Isaacs was born in 1949, in Buffalo, New York, and lived there until she left for college in 1967. She attended the University of Michigan, where she received two bachelor's degrees, English Literature and Environmental Education, and her Master's of Science degree in 1975. Since 1975, Isaacs has lived in various cities in Canada and California. Isaacs married Samuel Koplowicz, a media producer, in 1978. She and her husband and three kids now live in Berkley, California, on the San Francisco Bay. Isaacs held a series of positions in the field of environmental education until the mid-1980s and took on writing fiction as a second profession.

Inspiration 

"All my life", says Isaacs, "poetry has affected me more than any other genre. I have read and memorized it, studied it, loved, and written it since I was nine." As a child she has called herself "shy and usually lost in a world of my imagination. I read constantly from fourth grade on, plucking books haphazardly from my parents' or the library's shelves: Romeo and Juliet, Lorna Doone, Wind in the Willows, The Caine Mutiny. In fourth grade I was changed forever by my first readings of Shakespeare and Coleridge. I was spellbound by their emotional directness, interweaving of thought and feeling, and above, all, the pure music of their words. I read Little Women more times than any other book. Like the heroine, Jo, I grew up to combine careers as an educator, mother, and children's book writer."

First writings 

Isaacs dabbled in writing as a child, but it wasn't until she had children of her own that she began to write seriously, and to think about trying to get a book published. She has said "I seem fated to come to books in reverse order. I mainly read adult literature as a child, but as an adult I began to read children's literature, often encountering a classic work for the first time while reading it to my children."

Major works

Swamp Angel 

Isaacs teamed up with Illustrator Paul O. Zelinsky, narrates the story of Angelica Longrider, a native Tennessee Hill and her rise as the greatest woodswoman in the land. The idea of "Swamp Angel" was to have a girl in a tall tale doing extraordinary and strong actions.

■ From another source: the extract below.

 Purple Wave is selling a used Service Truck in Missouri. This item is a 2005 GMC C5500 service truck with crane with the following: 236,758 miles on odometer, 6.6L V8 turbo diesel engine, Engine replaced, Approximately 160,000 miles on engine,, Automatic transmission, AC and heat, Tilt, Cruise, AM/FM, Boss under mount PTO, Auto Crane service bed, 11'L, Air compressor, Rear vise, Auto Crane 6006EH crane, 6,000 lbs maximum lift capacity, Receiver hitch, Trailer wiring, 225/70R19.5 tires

Angelic Longrider or "Swamp Angel" becomes the greatest woodsman in Tennessee in an original American tall tale, one much like those of Paul Bunyan and Pecos Bill. Taller than her mother at birth, Swamp Angel builds her first log cabin at the age of two. After many great feats, she takes on Thundering Tarnation, a black bear "with bottomless appetite for settlers' grub". Eventually she sends Tarnation up to the sky, where he becomes a constellation.

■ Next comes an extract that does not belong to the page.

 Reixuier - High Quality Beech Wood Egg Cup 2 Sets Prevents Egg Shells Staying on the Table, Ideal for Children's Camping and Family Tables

The book won the prestigious place of the 1995 Caldecott Honor book, along with the 1995 Boston Globe–Horn Book Award Honor Book, 1994 ALA Notable Book, The New York Times Best Illustrated Books of 1994, School Library Journal Best Books of 1994, ALA Booklist Children's Editors Choices 1994, Publishers Weekly Best Books of 1994, TIME'''s 8 Best Children's Books 1994, Parenting Magazine Reading-Magic Award, 10 Best Books of 1994, and the 1995 Notable Trade Book in Language Arts."Swamp Angel" (top page). AnneIsaacs.com. Retrieved 2014-07-16.

 Treehouse Tales 

A strange treehouse is the setting for the adventures of three 1880s Pennsylvania farm children who experience it, in turn, as a refuge, a lookout post, and a frightening dragon's lair. In three interlocking stories, Tom, Emily, and Nathaniel each confront the mischief that ensues when their dreams come all too true. The stories are fairytale-like and romantic in their reading. Treehouse Tales started out its life as Outhouse Tales, a group of stories that all had something to do with an outhouse. The stories were semi-autobiographical, taken from humorous experiences at a girl scout camp where Isaacs was a counselor. She decided to change the name and focal point to make it more child appropriate.

 Cat Up a Tree 

A book of poetry by Isaacs focuses on what she considers a completely ordinary situation: a cat stuck in a tree. The story unfolds one poem at a time, presenting different characters, all of whom think they know best what to do with the cat. The fireman and cat-catcher, a little girl, a wary robin,  an overzealous mayor, and more all have their point of view on what to do with the cat and whether it even needs catching.

 Torn Thread 

Based on the true story of her mother-in-law, Isaacs writes a story about Eva. In 1943, in Poland, the life of 12-year-old Eva turns when her sick sister is seized by the Nazis in a raid on the Jewish ghetto. In an effort to save both of his daughters, their father sends Eva to join her sister in a Nazi labor camp, where the girls are used as child labor to spin thread on machinery to make blankets for the German army. As she struggles amid ever-worsening conditions to save her life and that of her sick sister, Eva overcomes many struggles, including the lack of clothing and food. These two teenagers strive to create home and family for each other amidst the inhumanity and chaos that made up Nazi Germany.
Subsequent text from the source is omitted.